For the year ended December 31, 2015, Chevron Natural Gas accounted for approximately 74% of our total natural gas, oil and NGL production revenues, with no other single customer accounting for more than 10% of revenues for this period.

GENERAL TRENDS AND OUTLOOK

We expect our business to be affected by the following key trends. Our expectations are based on assumptions made by us and information currently available to us. To the extent our underlying assumptions about or interpretations of available information prove to be incorrect, our actual results may vary materially from our expected results.

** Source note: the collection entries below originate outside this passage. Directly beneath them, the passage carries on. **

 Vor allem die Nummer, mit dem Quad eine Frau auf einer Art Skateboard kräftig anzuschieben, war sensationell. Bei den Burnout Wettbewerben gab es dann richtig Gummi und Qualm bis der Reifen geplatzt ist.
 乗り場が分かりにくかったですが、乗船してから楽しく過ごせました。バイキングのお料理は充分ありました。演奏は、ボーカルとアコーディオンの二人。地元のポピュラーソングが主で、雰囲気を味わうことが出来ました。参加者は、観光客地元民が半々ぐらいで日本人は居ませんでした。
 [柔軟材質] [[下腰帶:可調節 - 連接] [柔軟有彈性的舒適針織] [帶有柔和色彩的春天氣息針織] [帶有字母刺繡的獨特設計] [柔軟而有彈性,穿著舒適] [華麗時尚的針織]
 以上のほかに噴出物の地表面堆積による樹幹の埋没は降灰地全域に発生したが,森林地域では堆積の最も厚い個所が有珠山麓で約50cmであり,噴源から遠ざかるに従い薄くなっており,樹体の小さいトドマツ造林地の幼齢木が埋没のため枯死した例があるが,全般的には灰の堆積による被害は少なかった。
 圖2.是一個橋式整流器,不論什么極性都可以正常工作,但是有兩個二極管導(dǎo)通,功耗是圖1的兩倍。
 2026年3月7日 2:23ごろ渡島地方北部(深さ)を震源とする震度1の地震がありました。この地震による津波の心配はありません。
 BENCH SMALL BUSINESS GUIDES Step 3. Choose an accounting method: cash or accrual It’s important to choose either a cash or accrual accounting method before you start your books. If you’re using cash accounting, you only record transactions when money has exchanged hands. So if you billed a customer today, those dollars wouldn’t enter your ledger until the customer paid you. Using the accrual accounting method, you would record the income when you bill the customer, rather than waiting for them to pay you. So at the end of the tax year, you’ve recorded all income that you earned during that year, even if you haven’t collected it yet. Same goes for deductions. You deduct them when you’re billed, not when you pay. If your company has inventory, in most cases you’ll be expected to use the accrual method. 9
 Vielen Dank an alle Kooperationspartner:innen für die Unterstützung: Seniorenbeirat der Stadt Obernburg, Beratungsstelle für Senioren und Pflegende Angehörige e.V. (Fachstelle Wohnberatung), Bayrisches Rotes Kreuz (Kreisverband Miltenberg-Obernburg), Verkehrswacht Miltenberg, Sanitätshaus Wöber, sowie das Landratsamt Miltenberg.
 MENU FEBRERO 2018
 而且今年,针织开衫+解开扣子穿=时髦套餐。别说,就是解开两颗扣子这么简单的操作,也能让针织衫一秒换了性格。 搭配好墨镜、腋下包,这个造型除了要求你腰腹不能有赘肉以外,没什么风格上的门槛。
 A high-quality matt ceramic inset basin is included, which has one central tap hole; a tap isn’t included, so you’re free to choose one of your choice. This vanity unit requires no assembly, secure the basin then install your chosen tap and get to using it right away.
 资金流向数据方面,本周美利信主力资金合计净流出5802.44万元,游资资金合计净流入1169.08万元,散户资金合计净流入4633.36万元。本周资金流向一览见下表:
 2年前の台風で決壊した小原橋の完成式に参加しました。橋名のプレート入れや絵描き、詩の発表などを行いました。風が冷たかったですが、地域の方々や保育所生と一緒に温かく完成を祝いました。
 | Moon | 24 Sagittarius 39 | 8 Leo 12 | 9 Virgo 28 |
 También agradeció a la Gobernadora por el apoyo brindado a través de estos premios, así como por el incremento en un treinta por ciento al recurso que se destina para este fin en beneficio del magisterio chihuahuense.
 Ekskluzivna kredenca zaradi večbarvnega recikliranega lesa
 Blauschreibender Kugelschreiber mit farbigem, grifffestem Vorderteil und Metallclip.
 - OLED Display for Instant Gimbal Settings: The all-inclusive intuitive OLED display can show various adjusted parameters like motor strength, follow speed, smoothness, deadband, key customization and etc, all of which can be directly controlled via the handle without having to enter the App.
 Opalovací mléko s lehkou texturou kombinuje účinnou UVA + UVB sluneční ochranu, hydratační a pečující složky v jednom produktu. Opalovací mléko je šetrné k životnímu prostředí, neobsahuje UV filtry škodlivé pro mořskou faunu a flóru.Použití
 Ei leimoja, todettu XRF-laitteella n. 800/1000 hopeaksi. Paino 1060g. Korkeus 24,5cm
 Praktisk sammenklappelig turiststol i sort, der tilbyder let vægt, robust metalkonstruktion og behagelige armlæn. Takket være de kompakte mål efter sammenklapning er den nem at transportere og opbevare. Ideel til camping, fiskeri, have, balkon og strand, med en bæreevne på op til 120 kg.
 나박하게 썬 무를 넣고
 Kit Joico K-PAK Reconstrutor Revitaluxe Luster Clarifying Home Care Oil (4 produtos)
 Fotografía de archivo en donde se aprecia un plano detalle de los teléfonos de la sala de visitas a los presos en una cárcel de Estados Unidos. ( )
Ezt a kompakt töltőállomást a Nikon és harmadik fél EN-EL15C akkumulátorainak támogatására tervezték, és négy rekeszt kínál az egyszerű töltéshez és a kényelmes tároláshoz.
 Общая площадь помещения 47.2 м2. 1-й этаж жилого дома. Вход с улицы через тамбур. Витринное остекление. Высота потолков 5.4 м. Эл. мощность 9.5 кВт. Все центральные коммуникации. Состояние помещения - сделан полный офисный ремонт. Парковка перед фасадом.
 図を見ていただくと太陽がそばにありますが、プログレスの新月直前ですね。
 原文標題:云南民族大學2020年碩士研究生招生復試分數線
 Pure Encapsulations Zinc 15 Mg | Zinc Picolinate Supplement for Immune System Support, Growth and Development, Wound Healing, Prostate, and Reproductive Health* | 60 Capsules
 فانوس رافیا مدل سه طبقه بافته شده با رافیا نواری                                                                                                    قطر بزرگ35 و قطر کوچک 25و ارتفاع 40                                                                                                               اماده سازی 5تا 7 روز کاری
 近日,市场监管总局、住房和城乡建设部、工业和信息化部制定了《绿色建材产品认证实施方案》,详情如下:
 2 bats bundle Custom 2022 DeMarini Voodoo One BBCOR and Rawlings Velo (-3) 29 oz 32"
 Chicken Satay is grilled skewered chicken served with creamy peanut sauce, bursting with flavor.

The natural gas, oil and natural gas liquids commodity price markets have suffered significant declines during the fourth quarter of 2014 and throughout 2015. The causes of these declines are based on a number of factors, including, but not limited to, a significant increase in natural gas, oil and NGL production. While we anticipate continued high levels of exploration and production activities over the long-term in the areas in which we operate, fluctuations in energy prices can greatly affect production rates and investments in the development of new natural gas, oil and NGL reserves.

Our future gas and oil reserves, production, cash flow, our ability to make distributions to our unitholders, depend on our success in producing our current reserves efficiently. We face the challenge of natural production declines and volatile natural gas, oil and NGL prices. As initial reservoir pressures are depleted, natural gas and oil production from particular wells decreases.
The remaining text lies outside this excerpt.